"Kenneth Robeson - Doc Savage 005 - Pirate of the Pacific" - читать интересную книгу автора (Robeson Kenneth)

jumped to another, a third, a fourth.

All were unconscious!

With mad haste, Liang-Sun shucked the rug off the head and shoulders of the man he had cut in two.

Liang-Sun's squawl of horrified surprise was like that of a cat with its tail stepped on.

The body in the rug was one of his own men!

Terror laid hold of Liang-Sun, a fright such as he had never before experienced. He dashed headlong out
into the court.

"The bronze man is a devil!" he shrilled. "Flee, my sons!"

The Orientals who had been on guard outside, needed no urging. They battled each other to be first
across the drawbridge and into their cars. They had their fill of fighting the bronze giant.
They departed without knowing what had made their fellows unconscious. A close inspection of the
room where the men slept would have shown the remains of many thin-walled glass balls. Perhaps they
might have guessed these had originally contained an anaesthetic gas which made men unconscious the
instant they breathed it, yet which became harmless after it had been in the air two or three minutes.

These anaesthetic globes were Doc's invention. He always carried a supply with him.

Cars bearing the fleeing Mongols were not out of earshot when Doc arose from the concealment of a
divan not six feet from the phone over which Liang-Sun had talked to his chief.

Doc had heard that conversation.

Doc's escape from the tightly chained rug, so mystifying to Liang-Sun, had not been difficult. Doc had
employed a simple trick used by escape artists. He had tensed all his muscles when the rug was being
tied. Relaxing later, he had plenty of room to crawl out after he had reduced the guards to
unconsciousness with the anaesthetic.

Doc had not been affected by the anaesthetic for the simple reason that he could hold his breath during
the two or three minutes it was effective.

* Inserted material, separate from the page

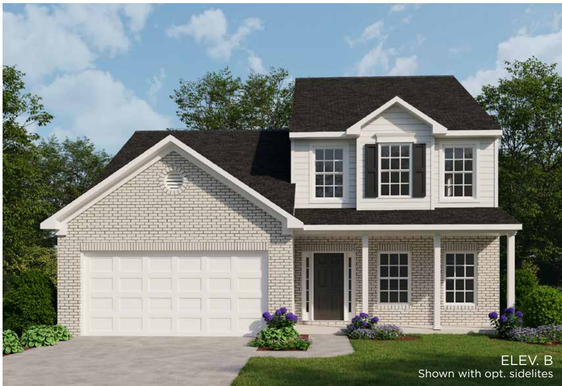
ELEV. B Shown with opt. sidelites

He sped out of the castle, with the idea of following Liang-Sun and the others. But they had stolen his
gray roadster.

Doc ran for the nearest boulevard. It was a quarter of a mile distant. Had official timers held stop
watches on that quarter, the time Doc did it in would have been good for a headline on any sport page in
the country. But the only observer was a stray dog which sought to overhaul the bronze man.

On the boulevard, Doc hailed a taxi.

Chapter 5. THE DRAGON TRAIL
THE cab let Doc Savage out before an uptown New York police station. He entered. The marked
deference of the cops, the celerity with which they sprang to grant his wishes, showed they knew him as
a person of power. The police commissioner himself would not have gotten better service.